The question on everyone’s mind is – will the CFPB finalize the rule before the January inauguration? Although the CFPB’s rulemaking agenda lists the final rule as being released in February, there are rumors flying around town that the CFPB is rushing to finish the rule before January 20. Although that is certainly possible – as the CFPB could finalize the rule with limited changes – AFSA believes that this is somewhat unlikely.

Even if the CFPB did finalize the rule before the inauguration, Congress could use the Congressional Review Act (CRA) to repeal the rule. Given that 36 senators and 104 representatives signed a letter in August asking that the CFPB reconsider the proposed rule, and a simple majority vote in both houses is enough for a repeal under the CRA, it is likely Congress would repeal the rule and the new president would sign off on it. An important note about the CRA: if a joint resolution of disapproval were enacted, the CRA provides that a rule may not be issued in “substantially the same form” as the disapproved rule unless it is specifically authorized by a subsequent law.

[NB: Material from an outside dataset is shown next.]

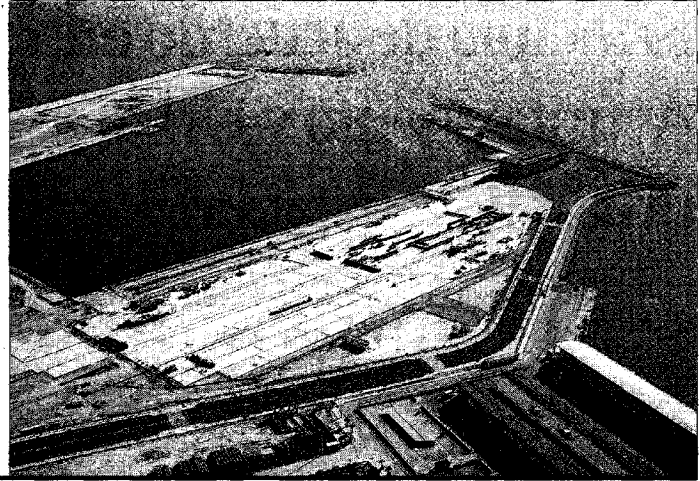
Imágenes aéreas de la nueva circunvalación de Alicante –izquierda– y de las obras de ampliación del Puerto de Alicante

Because it would be relatively easy to repeal the rule, and a repeal would prevent the CFPB from reissuing the rule, we believe that it is less likely the CFPB will rush to finalize the rule. Also, in a blog post on December 2, the CFPB did not mention the February date, but only said that it was “in the process of reviewing comments.”


The Dodd-Frank Act authorizes the CFPB to “prohibit or impose conditions or limitations on the use of a pre-dispute arbitration agreement between covered persons [companies] and consumers, only if the CFPB finds that doing so is in the public interest and for the protection of consumers.” AFSA has emphasized, and continues to emphasize, that it has not been determined that the proposed rule is in the public interest, or that it will protect consumers. In fact, there is abundant information that arbitration serves these goals better and more effectively than other options, such as class actions.

AFSA has asked the Trump transition team to review the proposed rule and delay finalizing any rule that would prohibit the use of class action waivers. AFSA told the transition team that arbitration, which is governed by the Federal Arbitration Act and has been approved by the U.S. Supreme Court, is a fair and effective mode of settling agreements between borrowers and creditors. The CFPB’s own study shows that arbitration is inexpensive, fast, and beneficial to consumers. The study also shows that class actions only benefit the plaintiffs’ attorneys.

AFSA has also reached out to members of Congress to alert them to the range of possibilities for this rule and to seek their support in delaying the rule.